Marx iniciou suas atividades na militância cultural em 2002, integrando o elenco do Grupo de Xaxado Cabras de Lampião, de Serra Talhada, com o qual já se apresentou em mais de 300 cidades, em todas as regiões do Brasil, inclusive fora do país.

Participou de várias atividades ligadas ao movimento de cultura popular do Sertão do Pajeú, tendo integrado diversos projetos realizados por importantes entidades da região, como a Associação dos Poetas e Prosadores de Tabira (APPTA), Associação Cultural Pedra do Reino (São José do Belmonte), Ponto de Cultura Renascer do Sertão (Triunfo), Centro Dramático Pajeú de Serra Talhada.

Entrevista – Ator  Karl Marx

massacre

Farol – Como é interpretar Lampião, um dos personagens mais polêmicos da história do Brasil?

É uma tarefa complicada porque Lampião é um personagem real, muito vivo em nosso cotidiano e que ainda hoje desperta sentimentos extremos, sejam de admiração ou de ódio. Eu encaro o desafio com muita tranquilidade, pois tenho uma história diretamente ligada a esse universo e que me deixa muito a vontade pra esse trabalho. Eu nasci e me criei no meio artístico, cercado por poetas, músicos, cantadores, atores e a história do Cangaço e de Lampião sempre muito presentes.
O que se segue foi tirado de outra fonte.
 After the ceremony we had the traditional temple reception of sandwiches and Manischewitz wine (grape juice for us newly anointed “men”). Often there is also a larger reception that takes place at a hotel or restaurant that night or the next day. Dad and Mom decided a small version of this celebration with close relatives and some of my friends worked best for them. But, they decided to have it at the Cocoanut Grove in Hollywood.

Veja também:   Mensagem de massacre em escola do Pajeú é descoberta

Eu era criança e assistia meus pais e meus tios em encenações de Teatro de Rua, vi o nascimento do Grupo de Xaxado Cabras de Lampião, assistia e ouvia cantorias de viola e tantas outras coisas da nossa cultura popular, que até parece que fui forjado desde meu nascimento para esse trabalho. A começar pelo nome com o qual fui batizado.
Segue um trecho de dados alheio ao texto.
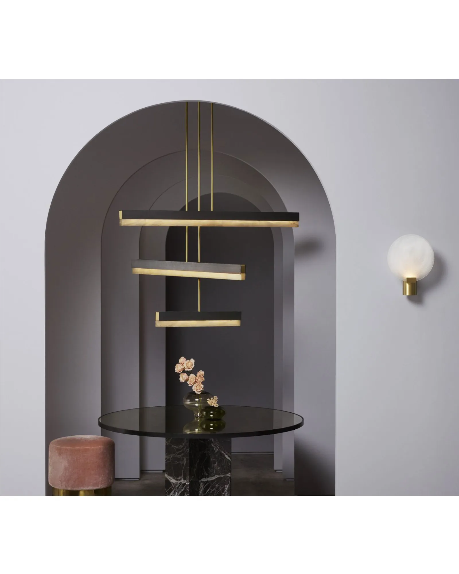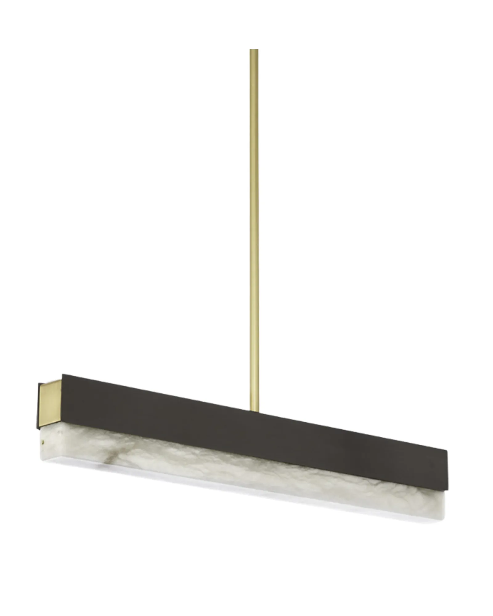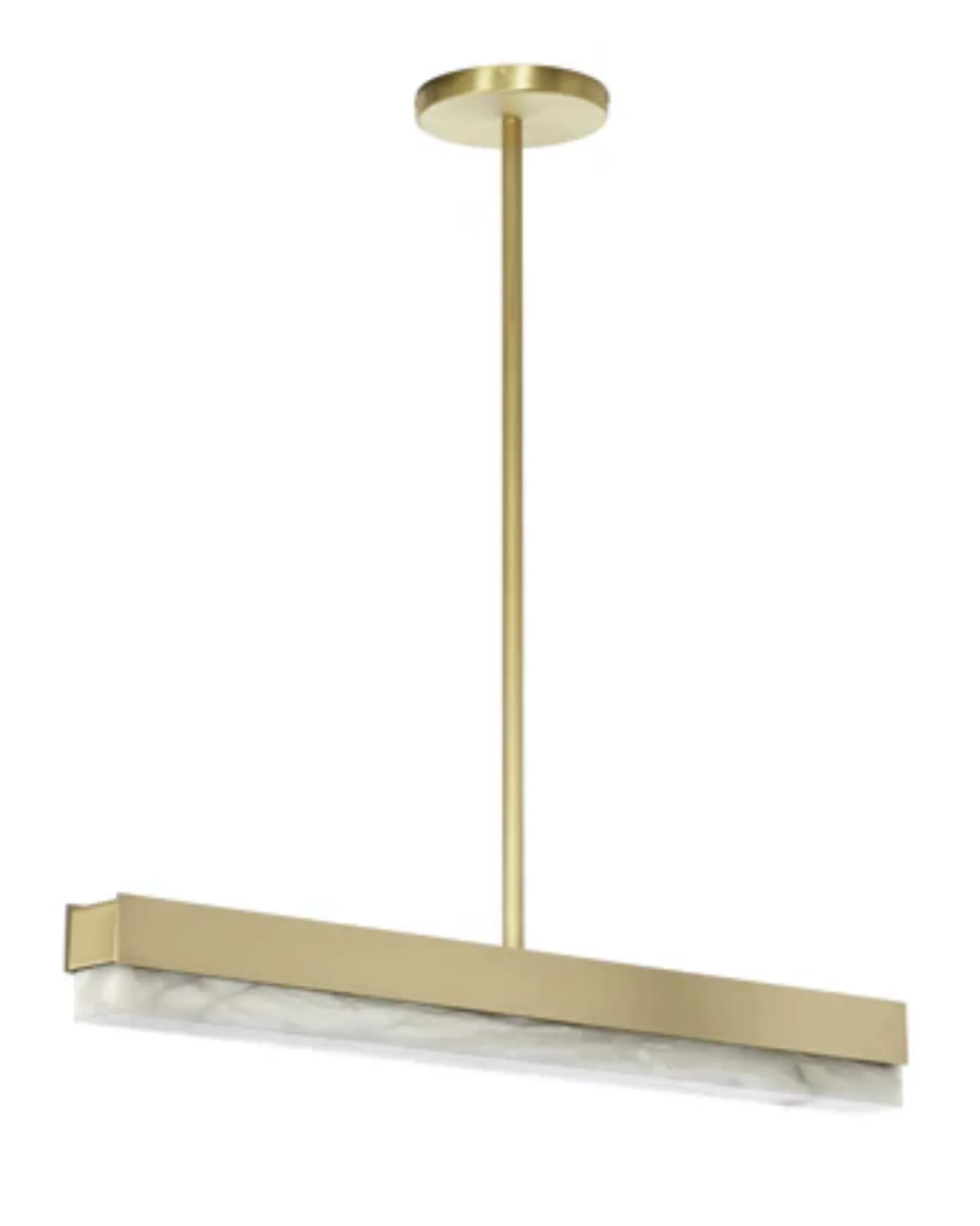 Una viga arquitectónica de luz fusionada con materiales de primera calidad, como bronce, latón satinado y alabastro pulido, crea una elegante lámpara colgante que puede utilizarse de forma individual o como parte de una composición, lo que ofrece infinitas posibilidades para personalizar un espacio.

Em 2002 passei a integrar o elenco do Grupo de Xaxado Cabras de Lampião e no ano seguinte comecei a fazer Lampião no Grupo de Xaxado, substituindo o meu tio Gilvan Santos que havia falecido. Desde então que vivencio essa emoção de interpretar Lampião. Eu sinto muito orgulho e fico muito honrado, porque em nossas andanças se apresentando Brasil a fora eu vejo o tanto que Lampião mexe com a imaginação e com os sentimentos das pessoas.

O quanto essa história emociona e desperta sentimentos de esperança, de mudança, de coragem e de resistência. No espetáculo “O Massacre de Angicos” o trabalho foi mais difícil, porque a ideia do meu pai e do diretor José Pimentel era a de “humanizar” Lampião, mostrando seus sentimentos, suas angústias, passando para o público aquilo que há por trás do mito. Deu um trabalho danado. Mas acho que o resultado final ficou bom.

Farol – O espetáculo Massacre de Angico tem buscado se atualizar? Ele tem viés com os problemas do nosso cotidiano?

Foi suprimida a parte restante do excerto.